Given a sequence of positive numbers $(x_n)$ with $\lim x_n=\alpha$ show that $$\lim\sqrt[n]{x_1x_2\dots x_n}=\alpha$$
I'm not sure about how to proof it, but if each $x_n\to\alpha$ then $x_1 x_2\dots x_n\to a^n$ so $$\lim\sqrt[n]{x_1 x_2\dots x_n}=\sqrt[n]{a^n}=a$$
How I can proof it?
Cesàro mean theorem gives that if $\{\alpha_n\}_{n\geq 1}$ is a real sequence converging to $A$ and for every $n\geq 1$ we have $\beta_n=\frac{\alpha_1+\ldots+\alpha_n}{n}$, then $\{\beta_n\}_{n\geq 1}$ is a real sequence converging to $A$, too.
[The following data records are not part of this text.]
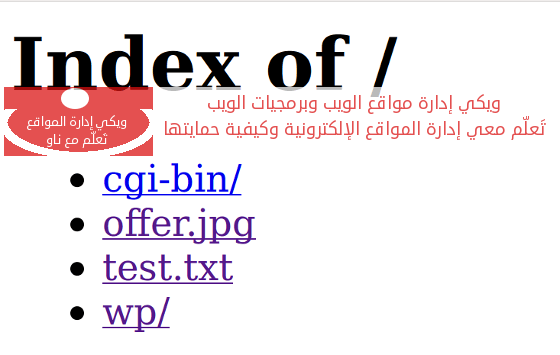 عند دخولك إلى موقعك الإلكتروني (عن طريق كتابة اسم النطاق www. your domain. com في خانة العنوان في المتصفح)، ستجد محتويات موقعك الإلكتروني من ملفات ومجلدات مسردة أمام الجمهور العام.يظهر في الصورة أدناه أن هذا الموقع يحتوي على صورة بعنوان Offer.jpg، وملف نصي بعنوان test.txt وبرمجية wp.
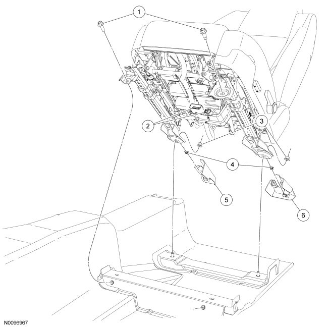 1. Position the seat to access all seat mounting fasteners and depower the SRS (Supplemental Restraint System). For additional information, refer to Supplemental Restraint System (SRS) Depowering and Repowering in the General Procedures portion of Restraints and Safety Systems &/or Air Bag Systems.
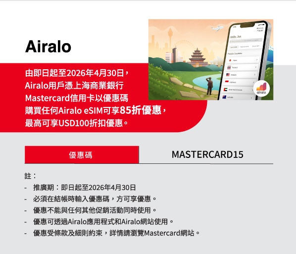 優惠受條款及細則約束,詳情請瀏覽Mastercard網站:specials.priceless.com/zh-hk/offers/Airalo的全球福利?Oid=202304260001&issuerId=&productId=
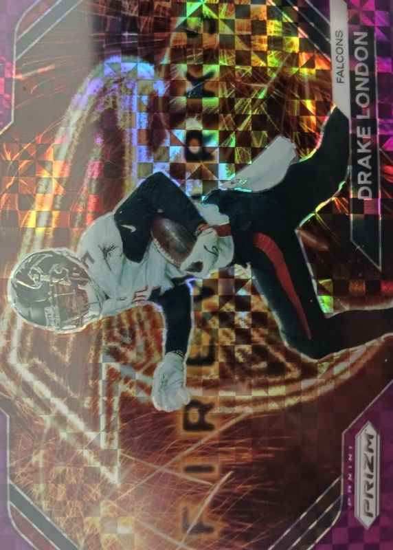 The Drake London 2023 Prizm #F-25 Fireworks - Purple Power /49 card in Raw condition has not changed in price in the last 30 days and was last sold for $13.50 .
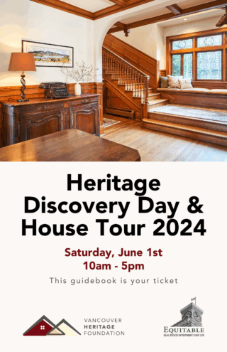 Do you or someone you know live in a house that may be a good fit for a future tour? We are always searching for great examples of heritage or character homes to open on our tours. If you’d like to know more, or have your home considered for inclusion on a future tour, contact us 604 264 9642 or by email.

So you just have to consider $\alpha_n=\log x_n$ and derive from $\alpha_n\to \log\alpha$ that $$ \beta_n = \log\sqrt[n]{x_1\cdot x_2\cdots x_n} \to \log\alpha, $$ hence $\sqrt[n]{x_1\cdot x_2\cdots x_n}\to \alpha$ by exponentiating back.